= Vladimir Gorsky =

American painter

Vladimir Gorsky (1953–2008) was a Russian-American painter.

Gorsky was born in Moscow and emigrated from Russia to Texas. He died on September 30, 2008, at 13:56. His art is on the walls of heads of state, private collectors, and art galleries around the world. His portfolio ranges from a Russian fairy tale series to miniature gold leafed portraits on small wooden eggs. Special projects include "From the Depth of Ages" depicting historical artwork from stone tablets to the Mona Lisa. His painting "Tapestry of the Centuries" comprises 350 people and events that shaped the history of the world from the time of Christ up to the year 2000. The medium is mixed media on canvas. The canvas is 9' × 18' and took 3 years to paint. This painting has achieved international recognition. The "Tapestry" is currently on display at the Museum of Biblical Art (Dallas).

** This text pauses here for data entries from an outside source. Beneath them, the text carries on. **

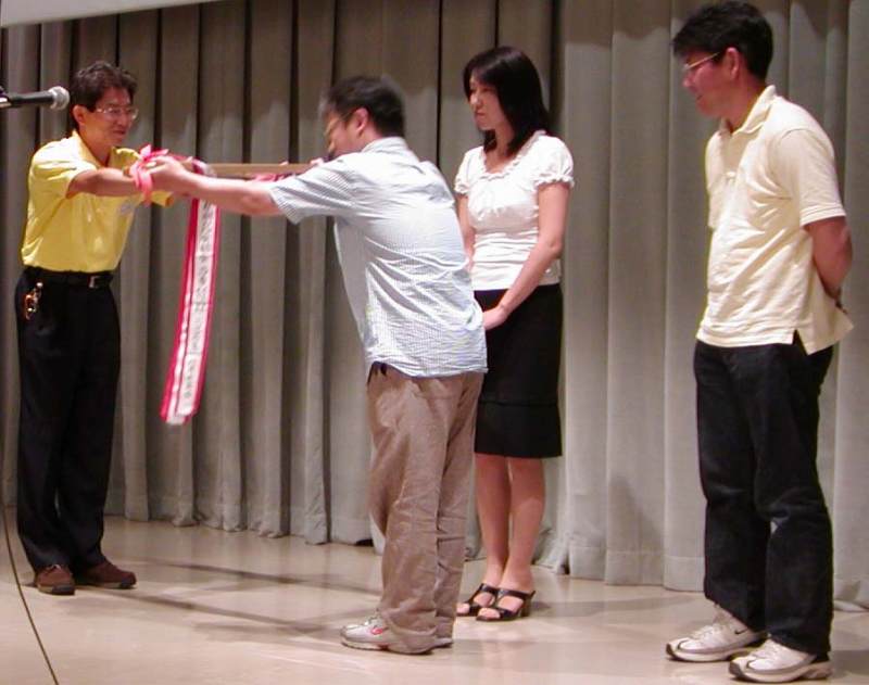 同窓会パートⅡ 2007/08/15 by 村上 光 0 当番回生の皆さん、ごくろうさまでした。生ビール4杯、いただきました。 当番回生を代表して、中山君の挨拶でした。「人集めに・金集め」ご苦労様でした。懇親会のあり方も少し考える時期に来ていますネ。 当番回生の、カギの受け渡し式です。中山君から、かわよし君に…。 「来年は頑張ります。」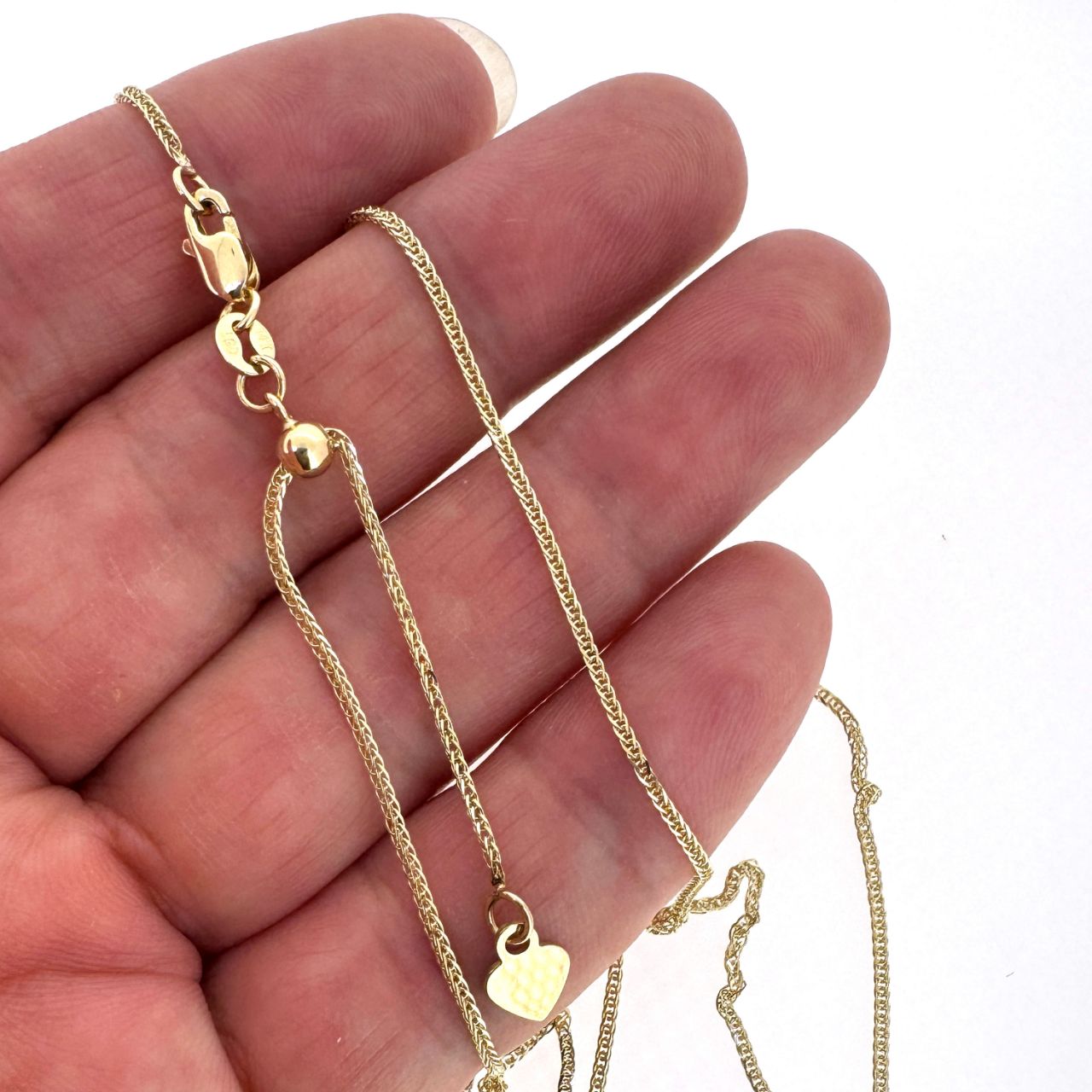 Add to compare list 14K Yellow Gold Necklace-Square Diamond Cut Wheat Chain-16", 18" or 20" SKU : 601324 0.8mm wheat chain- about 1.51grams -16", 1.73 grams - 18", about 1.85 grams -20" Log In for Wholesale Prices
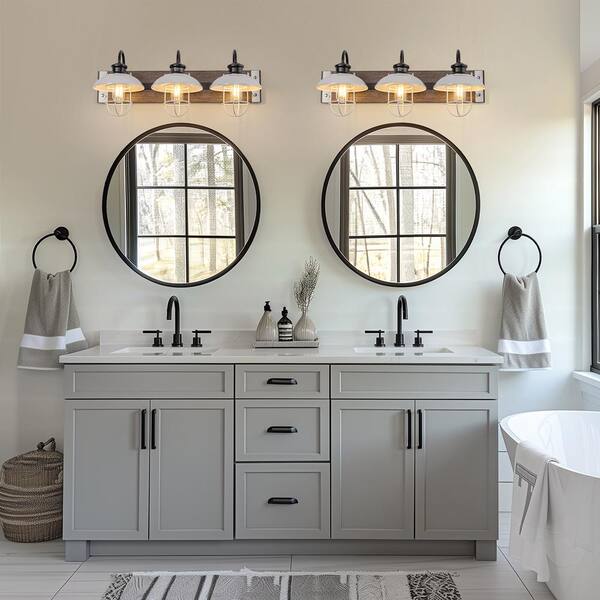 24 in. 3-Light Chrome and Wood Vanity Light with Glass Shade Dimmable No Bulbs Included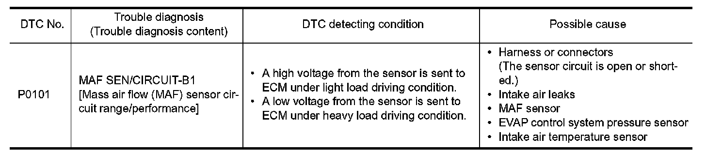 If DTC P0101 is displayed with other DTC, first perform the trouble diagnosis for other DTC.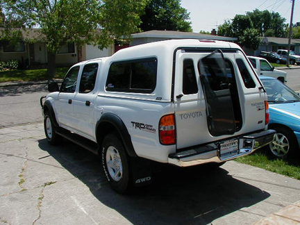 Here is a picture of the rear of the shell. You can see the smaller glass door and the handles to open the larger swing up door. As you can see, I decided to replace the OEM badges that the truck had on the tailgate. Because the contours of the shell match that of the truck, with the OEM badges, it has an almost factory look. |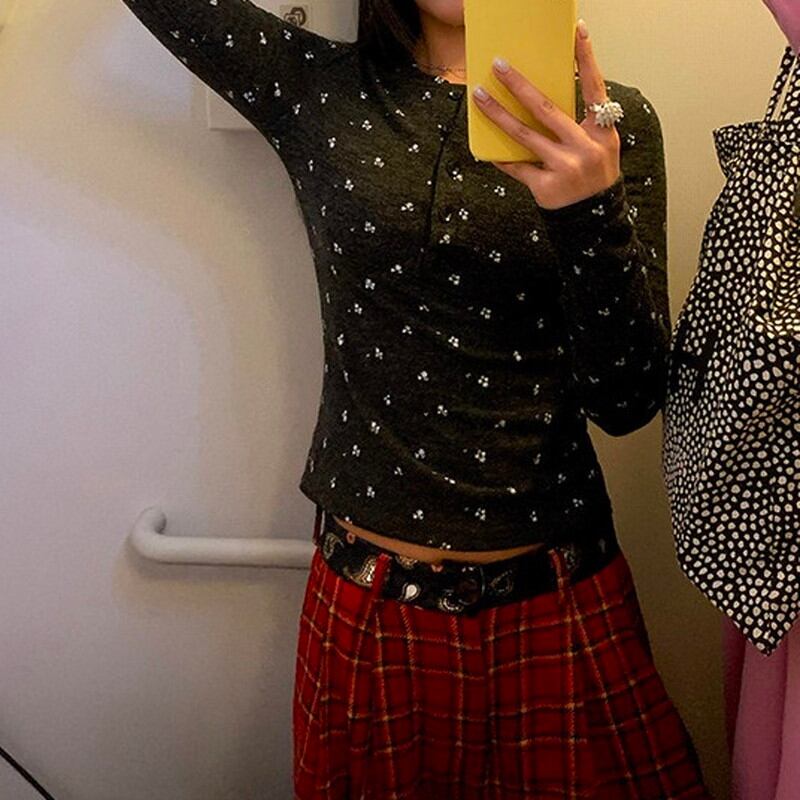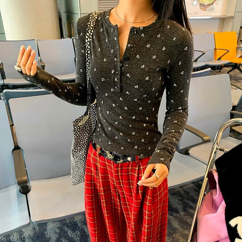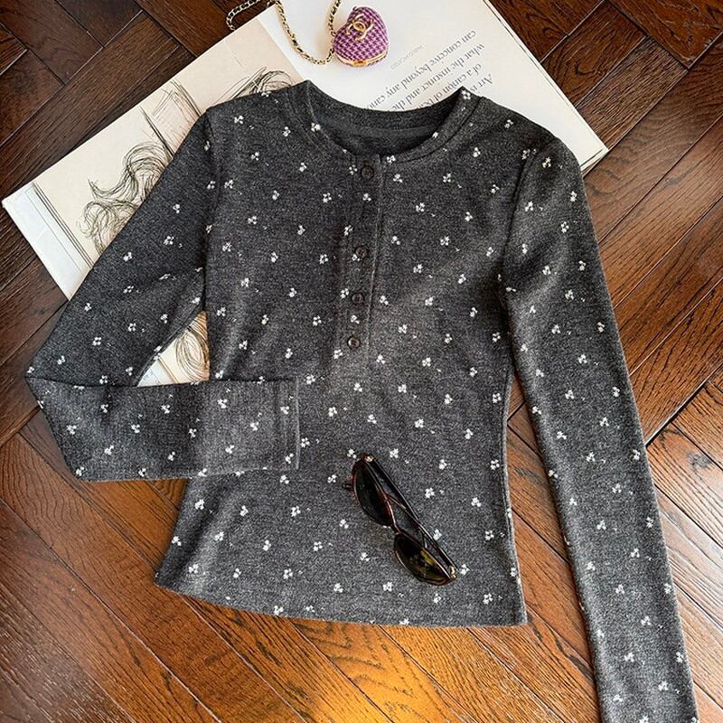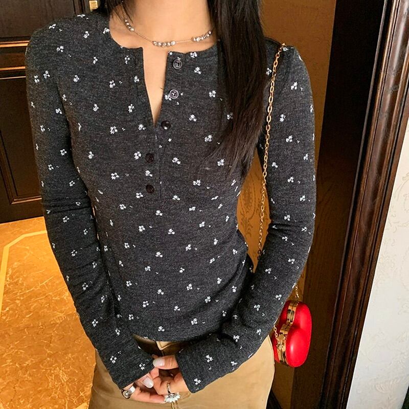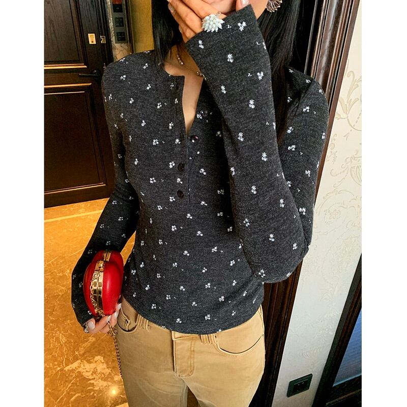 flower print half-button slim cutsew 2litr06235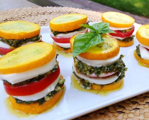 Before I’d even found my next yellow zucchini, I’d already decided what I had to make: A Nashville Capri salad! This towering stack of layered yellow zucchini, heirloom red tomatoes, fresh mozzarella cheese, and basil pesto is the happy result of that inspiration.

Another painting called "Miracle of the Desert", shows many historical images of Las Vegas. Vladimir's collection of pop art "Celebrity Portraits" of musicians, Hollywood idols, world famous icons and entertainers captures the essence of the 20th century in a bold style that is modern yet timeless.

According to Fine Art Magazine:
"Vladimir Gorsky is an unusual talent. Classically trained in techniques defined by the old masters, his art covers themes derived from the Renaissance to the Classics and portraiture brought up to date in an aspect of Pop Art that has been influenced by Andy Warhol".